**What you will do**.
Copy the data that follows exactly as it is, excluding all pictures.

#### The data

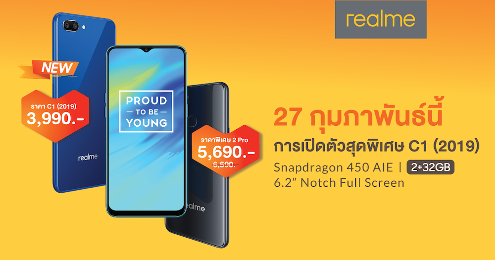 realme C1 (2019) เป็นสมาร์ทโฟนที่คุ้มค่า ทั้งสเปคและราคา พร้อมกับความจุที่เพิ่มมากขึ้นเพื่อตอบโจทย์คนรุ่นใหม่หลังจากได้รับการเรียกร้องให้นำเข้า realme C1 (2019) กับการถูกขนานนามให้เป็นม้ามืดในตลาดสมาร์ทโฟนที่คุ้มค่า ในครั้งนี้จะมีการจัดจำหน่าย realme C1 (2019)พร้อมความจุRAM 2 GB ROM 32 GB ด้วยคุณสมบัติจัดเต็ม แบตเตอรี่จุใจขนาดใหญ่ถึง 4230 มิลลิแอมป์ใช้งานได้นานตลอดทั้งวัน พร้อมกับหน้าจอที่มีขนาดใหญ่6.2 นิ้ว ช่วยให้ดูหนังฟังเพลง จุใจอย่างแน่นอน นอกจากนี้ยังทรงพลังด้วย Snapdragon 450 และกล้องหน้าที่มีระบบ AI ช่วยให้ภาพเซลฟี่สวยงามตามต้องการ มาในราคาที่คุ้มค่าเพียง 3,990 บาท
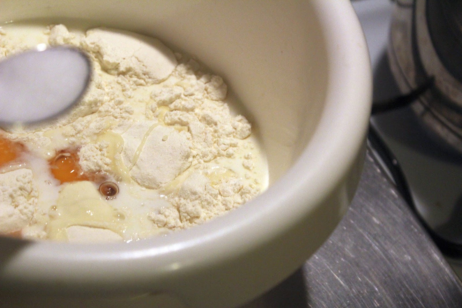 Man kann den Pfannkuchenteig ein wenig ruhen lassen, dann verbindet er sich noch besser.
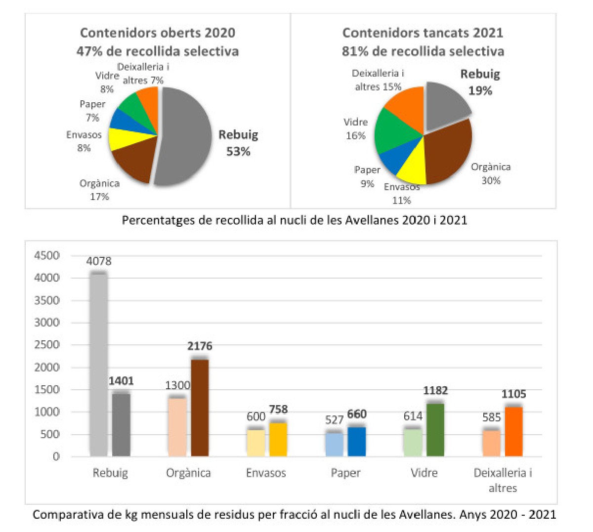 Valoració d'un any de recollida selectiva amb contenidors tancats a les Avellanes. Els residus recollits selectivament augmenten fins al 81 % del total de residus
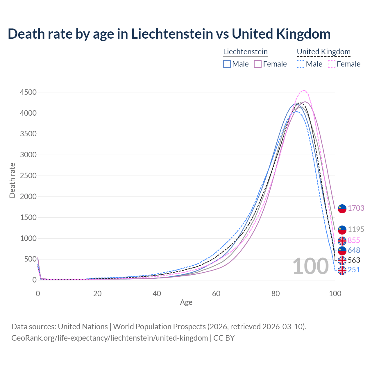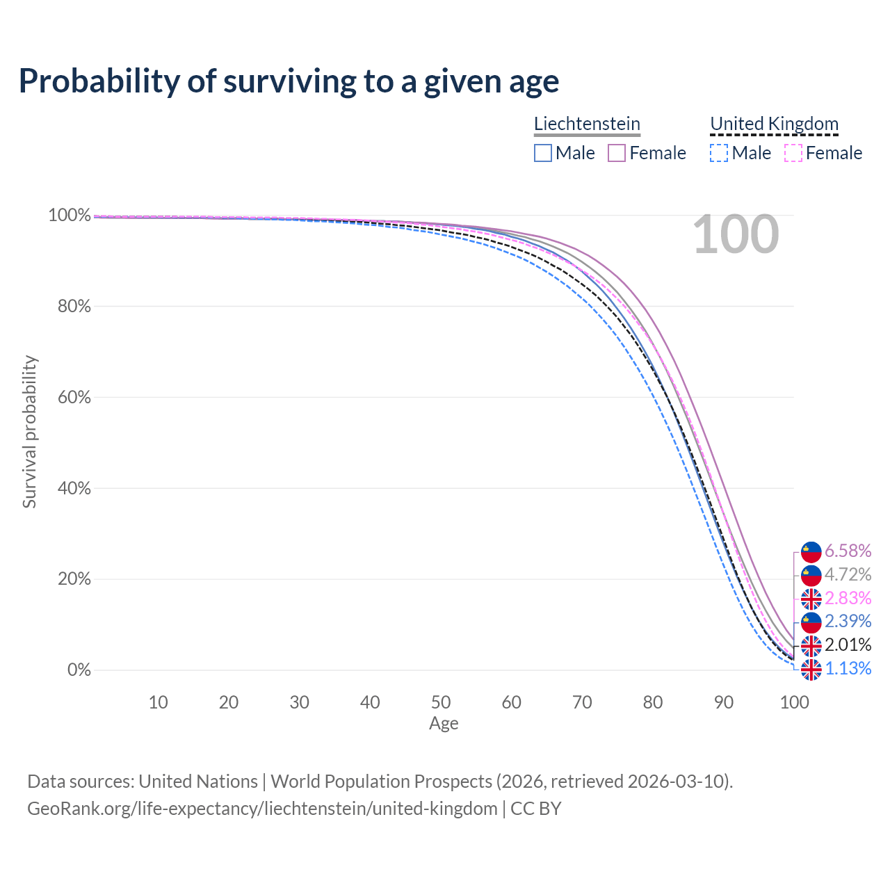 This life expectancy calculator shows the odds of living to 100, 95, 90, and below based on current age for both males and females in Liechtenstein and the United Kingdom, along with mean and median age of death. The calculations are based on the 2026 life tables (actuarial tables) from the UN World Population Prospects.
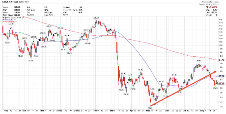 The KBW Bank Index (BKX) fell -2.1% for the week and has lost all the recent upward momentum. It may take some time for the regionals to rebound. Watch to see if it can hold recent support around $77. For a sustainable rally we would like to see the index recapture its 50-day moving average.

########

**Solution below**.
 realme C1 (2019) เป็นสมาร์ทโฟนที่คุ้มค่า ทั้งสเปคและราคา พร้อมกับความจุที่เพิ่มมากขึ้นเพื่อตอบโจทย์คนรุ่นใหม่หลังจากได้รับการเรียกร้องให้นำเข้า realme C1 (2019) กับการถูกขนานนามให้เป็นม้ามืดในตลาดสมาร์ทโฟนที่คุ้มค่า ในครั้งนี้จะมีการจัดจำหน่าย realme C1 (2019)พร้อมความจุRAM 2 GB ROM 32 GB ด้วยคุณสมบัติจัดเต็ม แบตเตอรี่จุใจขนาดใหญ่ถึง 4230 มิลลิแอมป์ใช้งานได้นานตลอดทั้งวัน พร้อมกับหน้าจอที่มีขนาดใหญ่6.2 นิ้ว ช่วยให้ดูหนังฟังเพลง จุใจอย่างแน่นอน นอกจากนี้ยังทรงพลังด้วย Snapdragon 450 และกล้องหน้าที่มีระบบ AI ช่วยให้ภาพเซลฟี่สวยงามตามต้องการ มาในราคาที่คุ้มค่าเพียง 3,990 บาท
 Man kann den Pfannkuchenteig ein wenig ruhen lassen, dann verbindet er sich noch besser.
 Valoració d'un any de recollida selectiva amb contenidors tancats a les Avellanes. Els residus recollits selectivament augmenten fins al 81 % del total de residus
 This life expectancy calculator shows the odds of living to 100, 95, 90, and below based on current age for both males and females in Liechtenstein and the United Kingdom, along with mean and median age of death. The calculations are based on the 2026 life tables (actuarial tables) from the UN World Population Prospects.
 The KBW Bank Index (BKX) fell -2.1% for the week and has lost all the recent upward momentum. It may take some time for the regionals to rebound. Watch to see if it can hold recent support around $77. For a sustainable rally we would like to see the index recapture its 50-day moving average.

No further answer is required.